Finasteride inhibits DHT, which is the main cause of hair loss and prostate enlargement in men. You can take finasteride orally (1 mg), once a day. It prevents enlargement of the prostate and treats hair loss. This is the main preventative tool you have at your disposal for ensuring you don’t lose hair in the future. It’s not necessarily supposed to cause new hair growth, though in some individuals it does. The reason everyone isn’t on finasteride, however, is because of side effects.
Keep in mind also that finasteride doesn’t block all DHT. You still have DHT in your system with finasteride. But less of it is active in your scalp tissues.
Where to buy:
I recommend seeing your doctor and getting a prescription for the drug, as that’s the cheapest way to get it. You can get the drug from online pharmacies too. But that’s not recommended as you never know what you’re getting and could be dangerous.
The most common complaint is users report being unable to get or keep an erection on finasteride, loss of interest in sex, gynecomastia, and depression. Now, most studies show that finasteride is safe and that the incidence of sexual side effects is small (2-3%). Indeed, many people don’t experience sexual side effects. However, the real world paints a different picture. Even though there are in fact plenty of people that tolerate the drug well, it also seems like almost everyone and their dog report sexual side effects. I suspect the studies done on this drug are biased to some degree or paid for by the companies that make these drugs.
There are horror stories all over the internet of users who gained persistent erectile dysfunction even years after quitting the drug, experiencing what’s called post finasteride syndrome. This is because DHT is responsible for modulating libido, and there are DHT receptors in your reproductive organ. Some people have claimed to have cured themselves of post finasteride syndrome by applying a DHT cream right to the shaft. But either way, if you do get side effects, they will go away.
So does finasteride cause ED? Yes, it inhibits DHT which controls libido, so it can. However, the far larger component of this is psychological. A study by Mondaini et al showed that the nocebo effect is extremely prevalent in cases of erectile dysfunction. With the placebo effect, the treatment only works because you believe it works. The nocebo effect is the opposite: you experience a negative effect of the drug only because you think you should experience it.
The study looked at 100 male patients being treated with 5 mg of finasteride for prostate enlargement. The researchers gave the first group finasteride like normal. Then the researchers gave the second group finasteride, but also counseled the group about the potential side effect of erectile dysfunction. The results of the study were that “the incidence of ED, decreased libido, and [other] disorders were 9.6, 7.7, and 5.7% for group 1, and 30.9, 23.6, and 16.3% for group 2”. That’s 3 times the erectile dysfunction in the second group on the same exact drug. This was all because they became scared of the sexual side effects.

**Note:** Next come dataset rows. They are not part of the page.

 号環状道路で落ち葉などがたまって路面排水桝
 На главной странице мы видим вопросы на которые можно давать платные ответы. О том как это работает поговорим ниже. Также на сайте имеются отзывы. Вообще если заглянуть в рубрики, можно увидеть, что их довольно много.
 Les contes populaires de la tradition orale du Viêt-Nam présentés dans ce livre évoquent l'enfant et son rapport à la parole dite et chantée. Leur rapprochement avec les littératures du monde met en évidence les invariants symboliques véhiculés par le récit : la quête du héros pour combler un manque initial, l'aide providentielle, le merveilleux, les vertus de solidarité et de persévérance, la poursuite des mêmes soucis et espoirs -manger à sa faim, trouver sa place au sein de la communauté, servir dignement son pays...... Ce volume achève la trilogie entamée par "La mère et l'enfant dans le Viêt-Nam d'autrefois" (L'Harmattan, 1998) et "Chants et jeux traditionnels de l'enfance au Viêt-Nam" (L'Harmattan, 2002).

With that being said, you should still talk to your doctor and get a prescription to at least try it. You can circumvent the sexual side effects by starting with a tiny dose and building up to the full dose. Or don’t build-up to the full dose at all if you get side effects. Even a little DHT inhibition over the span of years and decades will go a long way to saving your hair. Other people have reported that they got over the side effects just by getting used to the drug, or by getting their diet and exercise on point. Many people don’t get any side effects at all and the drug works as intended for hair loss for decades. Most likely, you’ll fall into that group.

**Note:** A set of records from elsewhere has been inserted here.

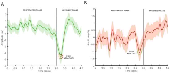 Average MRCPs with 95% confidence intervals obtained from one participant (A) performing voluntary ankle dorsiflexion and (B) performing imagined ankle dorsiflexion. The vertical line at the 3-s mark corresponds to the visual cue to move.
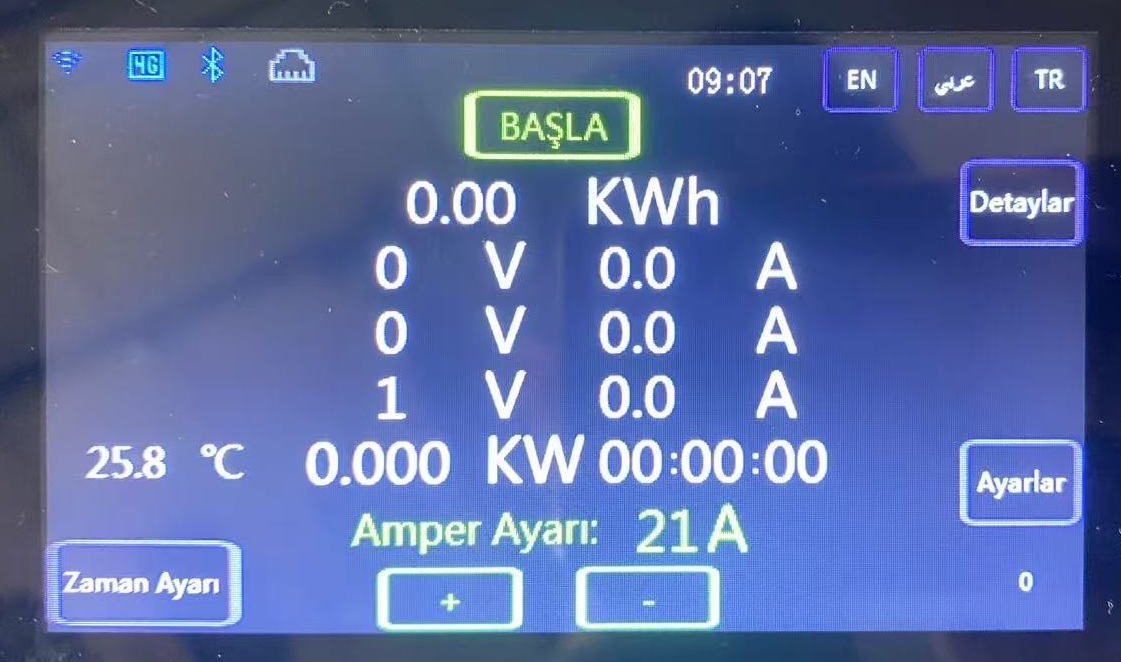 Şarjın amperinin ayarlanması/kontrolü (voltaj, akım, güç, enerji)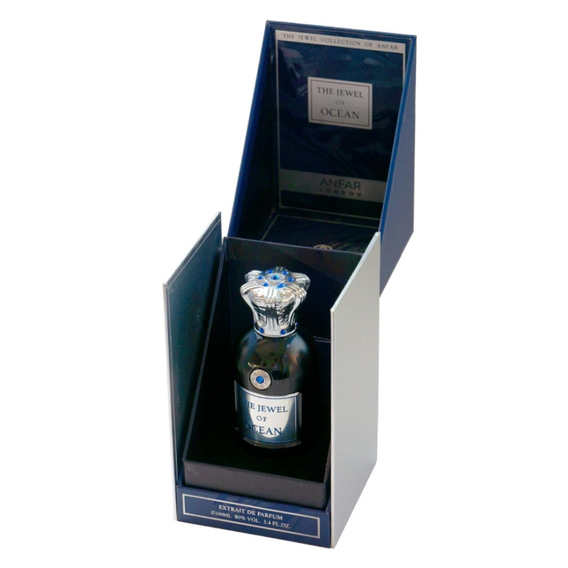 Anfar London The Jewel of Ocean Extrait de Parfum 100 ml is an aromatic aquatic fragrance with aldehydes, bergamot, lemon, ginger and mint, evolving into apple, pineapple and sage over a fresh base of ambergris, musk, cedar and vetiver.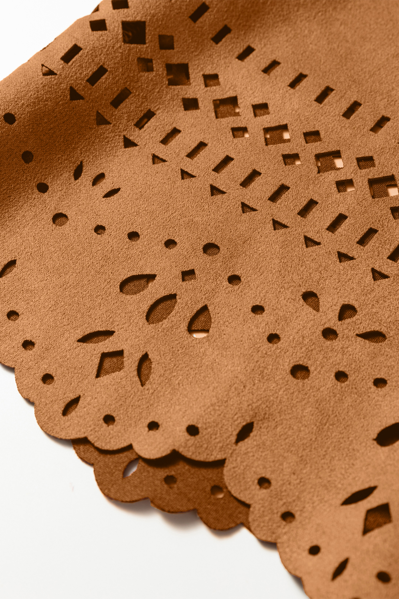 Introducing Ellianna Detail Retro Style Jacket—the perfect blend of casual comfort and put-together style. Faux suede offers retro flair and vegan-friendly appeal. Hollowed detailing creates unique delicate charm. Solid color design ensures versatile, easy pairing. Tailored construction provides stylish layering options. Material: 95%Polyester+5%Elastane.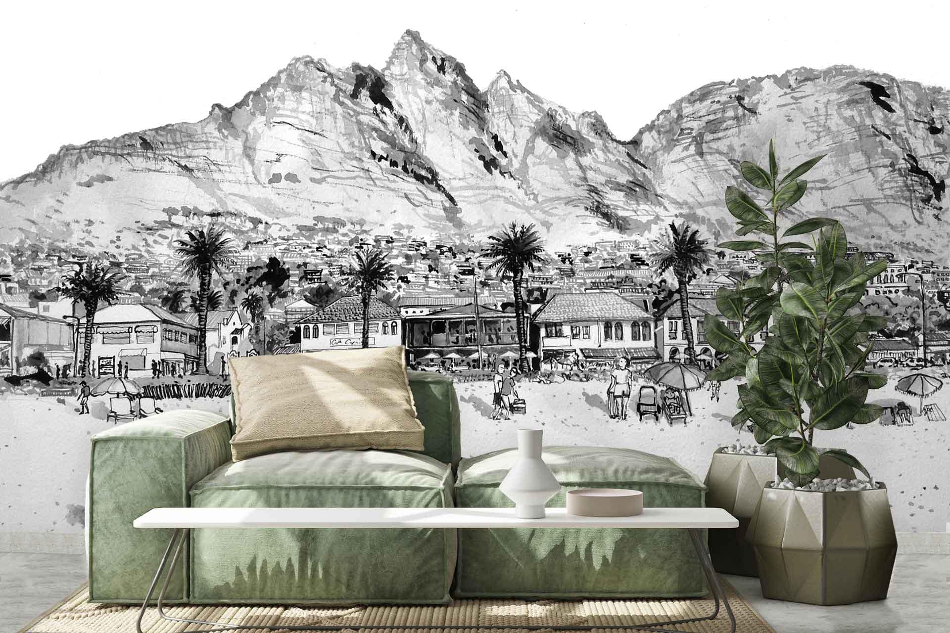 Camps Bay Beach is a wallpaper design that forms part of our CS&Co collection. It is by the artist Lucie Demoyencourt. As with all our designs, it will be redesigned to suit your wall size and shape.

Other side effects include dizziness, headache, skin rash, weakness, cold sweats, dizziness, etc. Don’t let these long lists scare you, as most of these sides are very uncommon.
RU58841 is a topical anti-androgen, but it’s not approved by the FDA and no longer being studied or produced by pharmaceutical companies. It was being researched by ProStrakan (a Scottish pharmaceutical company) for androgenic conditions such as acne and male pattern baldness. There are no long-term studies on its efficacy and safety. Research on it stopped presumably because it has a short shelf life and other issues with being unable to bring it to market.
The way it works is it essentially fills up the androgen receptor in your hair follicles, preventing androgens from damaging them. This blocks both DHT and testosterone. Since it’s applied topically, the effects are limited to the area of application and should not cause as much systemic problems.
Where to buy:
Certain laboratories compound this drug for research purposes, such as Anagen Inc. Again, this chemical is only for research purposes.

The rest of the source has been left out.